Author Jon E. Lewis spends a few pages each on ninety-eight subjects, nineteen specifically about people, and with several subjects there is documentation to support his original piece. I did wonder if this was more as padding than anything, purely because much of the detail is covered in his articles although I suspect those wanting to see examples of the sources material will find this helpful.

So, let's pick out some tit-bits that I hadn't known before or embellished what I did know.

Those of you who use Apple computers might find it either amusing or worrying that the price tag of the first one was $666.66 but more worrying is its builders like collecting personal information about you.

The so-called Church of Scientology bought out the bankrupt Cult Awareness Network, Apparently, Dulce Base in Northern Mexico is far more likely to harbour aliens than Area 51. Did you know the meaning of 'foo' as in 'Foo Fighters' is fire and nothing to do with the rock band? Although Lewis doesn't go into this in his article, it is well known that methane at ground level can generate small fireballs but I would have thought at height with planes flying at speed that such fireballs wouldn't last long enough for the pilots to see for more than a split-second.

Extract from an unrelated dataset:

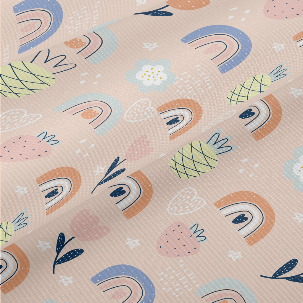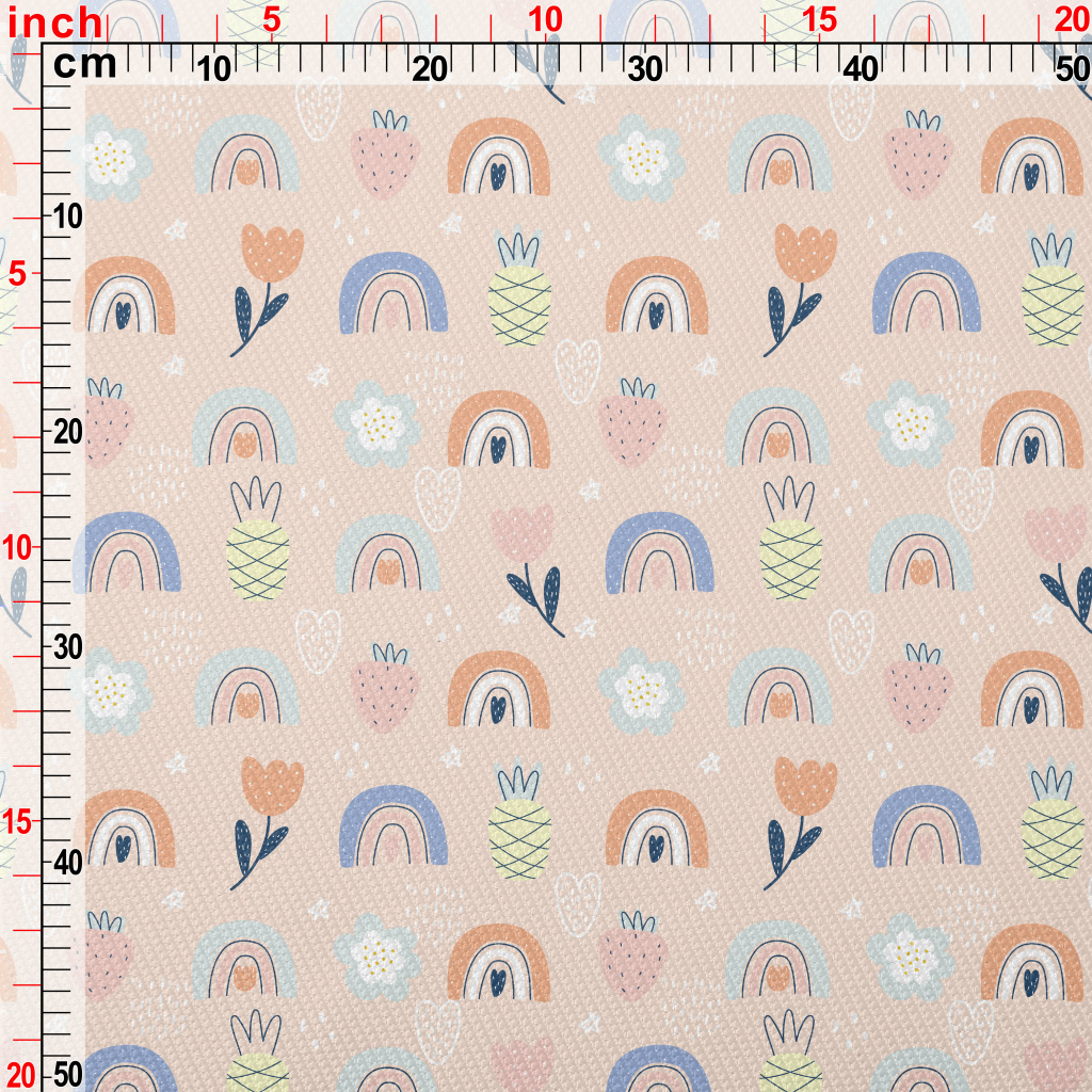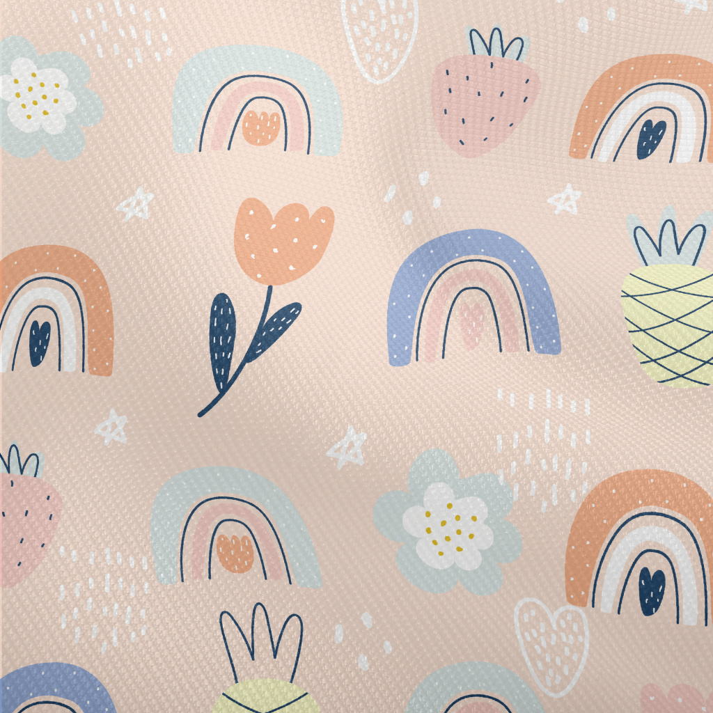 點綴彩色花朵彩虹草莓雙斜布(幅寬150公分)
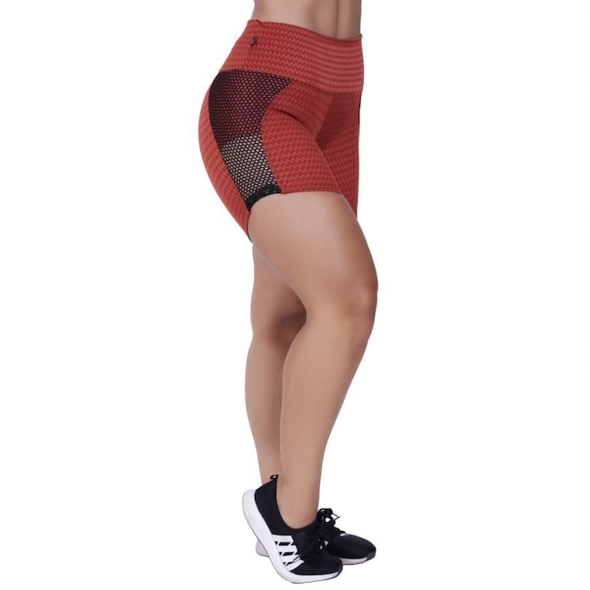 Short Orbis Fitness Meia Coxa Detalhe Tela Cirrê Textura - Feminino

Some of the conspiracies are actually true by the way. General Motors aided by cheap petrol helped demolish the use of street-cars (we would call them trams) in the USA. Considering the looming petrol shortages or at least a need for cleaner air, isn't it about time they were in use again in the cities?

There are some conspiracies that are probably true. Lewis points out 'The Manchurian Candidate' is how some cult religions manipulate their followers being only a little short of turning them into assassins. The whereabouts of Nazi Gold has been used in many a TV episode over the years. Although it wasn't dumped in a lake, it does appear to be in various banks now. There are noted two different plots by the Americans against Castro, one official and one rogue. While discussing the USA, Plum Island is their equivalent of the UK's Portland Down Research Centre for bio-warfare. Then again, under apartheid, South Africa had 'Project Coast' doing similar things as well.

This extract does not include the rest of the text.